Earlier designs focused on single-signal activation; however, recent advances in chemical engineering and artificial intelligence have enabled the development of prodrugs that respond to multiple endogenous and exogenous signals simultaneously [50]. AI-driven approaches facilitate this innovation by modeling complex activation patterns and guiding molecular design. Still, the real-time monitoring of in vivo prodrug activation remains a significant challenge. To address this, modern prodrugs can be functionalized with targeting ligands and imaging agents, allowing for enhanced specificity and real-time visualization of drug release [235].

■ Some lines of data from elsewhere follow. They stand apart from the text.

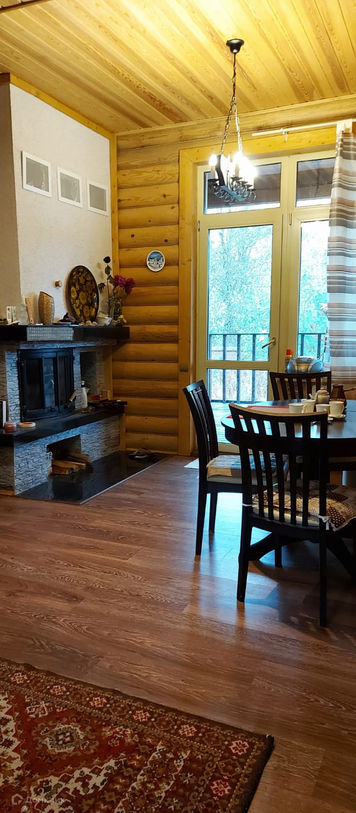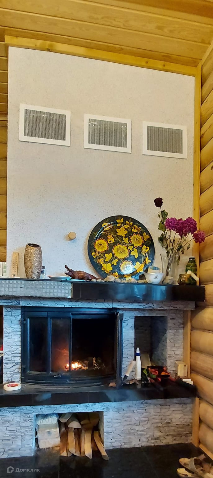 Стоит шведская кассета в камине, отапливается 2 этажа, он очень экономичный и долго держит тепло, плюс теплые полы и масляные электрические батареи, вверху и внизу стоят два инфракрасных отопителя на потолках.
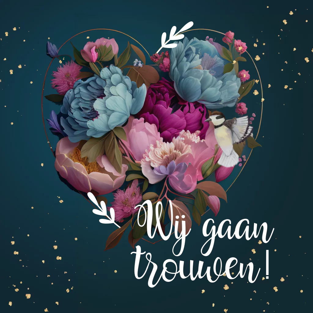 Trouwkaart met bloemen krans en hart
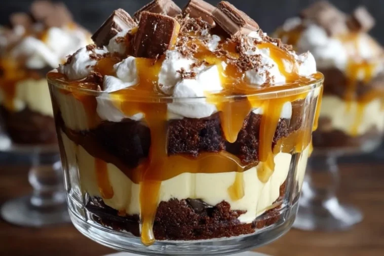 Le trifle au brownie et caramel est une version moderne du trifle anglais traditionnel. Au lieu d’utiliser un simple gâteau ou des biscuits, on y intègre des cubes de brownie au chocolat, qui apportent une texture dense et fondante. Ces morceaux sont alternés avec une crème vanillée façon mousse mascarpone, de la sauce caramel au beurre salé et de la chantilly. Le résultat est un dessert en couches, servi dans un grand saladier en verre ou en verrines individuelles, où l’on voit clairement toutes les strates gourmandes.

One particularly targeted strategy in enzyme-based cancer therapy is gene-directed enzyme prodrug therapy (GDEPT), which involves delivering genes encoding prodrug-activating enzymes directly into tumor cells. These genes are typically introduced via viral vectors or nanoparticles [129]. Once expressed, the enzymes selectively metabolize systemically administered prodrugs into their active, cytotoxic forms within the tumor, thereby reducing systemic toxicity and improving therapeutic efficacy. For example, the human CYP2B6 gene encodes the cytochrome P450 enzyme CYP2B6, which can convert cyclophosphamide into its active form. When this gene is introduced into tumor cells, the enzyme is produced locally, ensuring that prodrug activation occurs precisely where it’s needed [129]. A major limitation of GDEPT is the efficiency of enzymatic conversion. To address this, enzyme engineering has been applied to improve the catalytic activity, specificity, and stability of these activating enzymes. Engineered enzymes, such as E. coli NfsB mutants, have demonstrated up to a tenfold increase in prodrug activation compared to wild-type forms, showing great promise for enhanced cancer therapy [127].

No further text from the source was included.